Mr. Eniekwe stated that their discovery informed their latest protest that the Ministry of Agriculture and Rural Development was planning to return some “recovered funds” of N16 billion to the government as “unspent funds.” In contrast, the total sum the ministry owed them stood at N15 billion.
“Recently, we discovered that the money that was supposed to be used to pay us was warehoused in a private account by the ministry, and a lot of aggrieved contractors reported the matter to the ICPC, and the ICPC waded into the matter and recovered N16 billion from an individual’s account.

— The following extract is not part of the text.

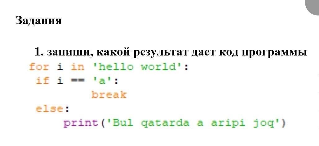 1. запиши, какой результат дает код программы for i in 'hello world': if i == 'a':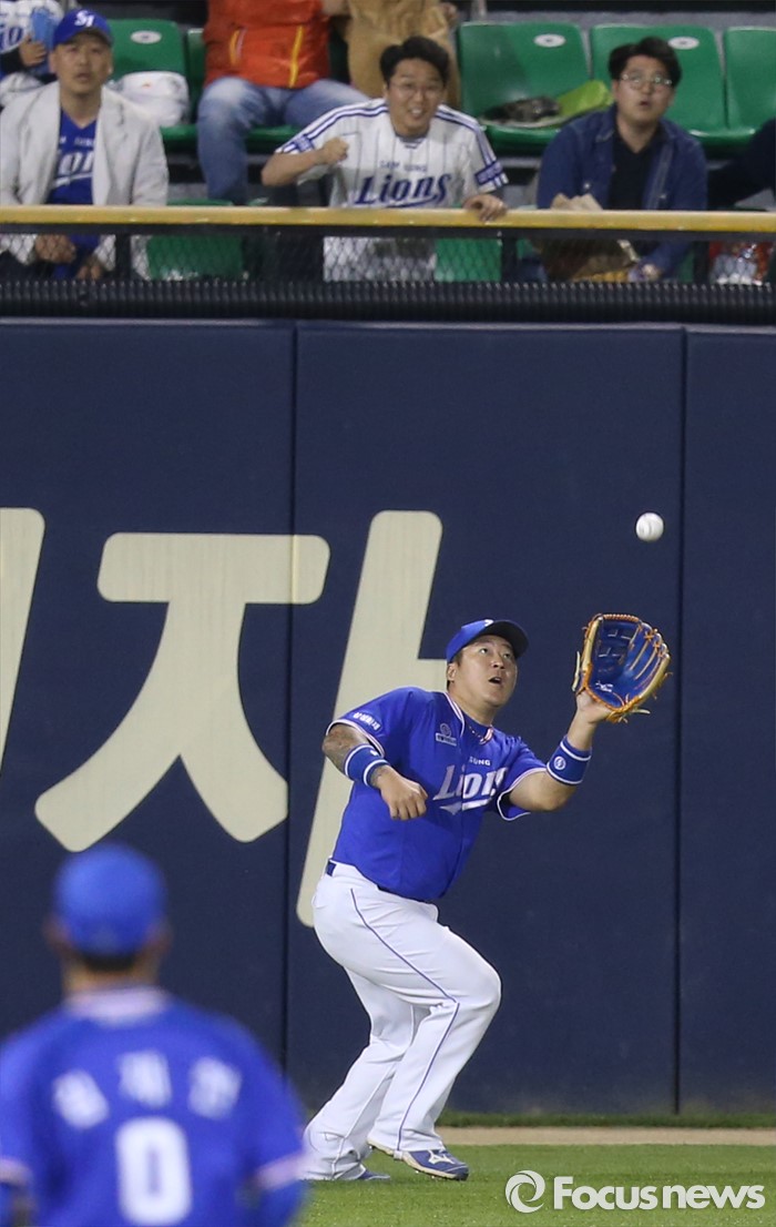 (서울=포커스뉴스) 12일 서울 잠실구장에서 열린 2016 프로야구 삼성-LG 경기 6회말 1사 2루에서 삼성 좌익수 최형우가 LG 채은성이 날린 타구를 펜스 앞에서 잡고 있다.

“However, we discovered that the ministry was planning to return the money into government pool account with the intention that if they return the money, they will have 10% reward and again, the ministry has also mopped up another N1 billion as an unspent fund to make it a total of N17 billion to the government as an unspent fund, yet our contract funds have not been paid.
“That is why we are resisting the ministry that it cannot keep us unpaid for 3years, and there is N17 billion you want to return, yet our debt is N15 billion. There is no logic in that.
“So we are here to cry out to the Minister of Finance to come to our aid and talk to the Minister of Agriculture and Rural Development, Mr. Sabo Nanono, and the Permanent Secretary of the ministry, Mu’azu Abdulkadir, to pay us instead of returning the money to the government account,” Aniekwe said.
Meanwhile, the Director of Information in the Ministry of Agriculture and Rural development, Theodore Ogaziechi, has admitted that the ministry was indebted to the contractors. Still, it had already verified the genuine contractors being owed and had forwarded the list for “due process” and possible payment.
He said, “It is a fact that the ministry is owing liabilities to some contractors, and it just did not happen within one year ago. It has been an old liability before the current minister and the permanent secretary came to the saddle. And like you know, there are budgets annually to take care of each contractual job”.
On the allegation of the recovered N16 billion, the ministry’s spokesman said, “I don’t know if the issue of recovery of N16 billion from any individual. That is their own statement, which needs to be verified. I don’t know if you have gone to the ICPC to verify that.”
He, however, maintained that “liabilities are being owed contractors and the contractors have come here and made their points, and the books have been checked, and it has been found that it is true and this ministry has compiled the list of those who are being owed, and it has been passed on to the ministry of finance for due process to take place for them to be paid. So that is where we are.”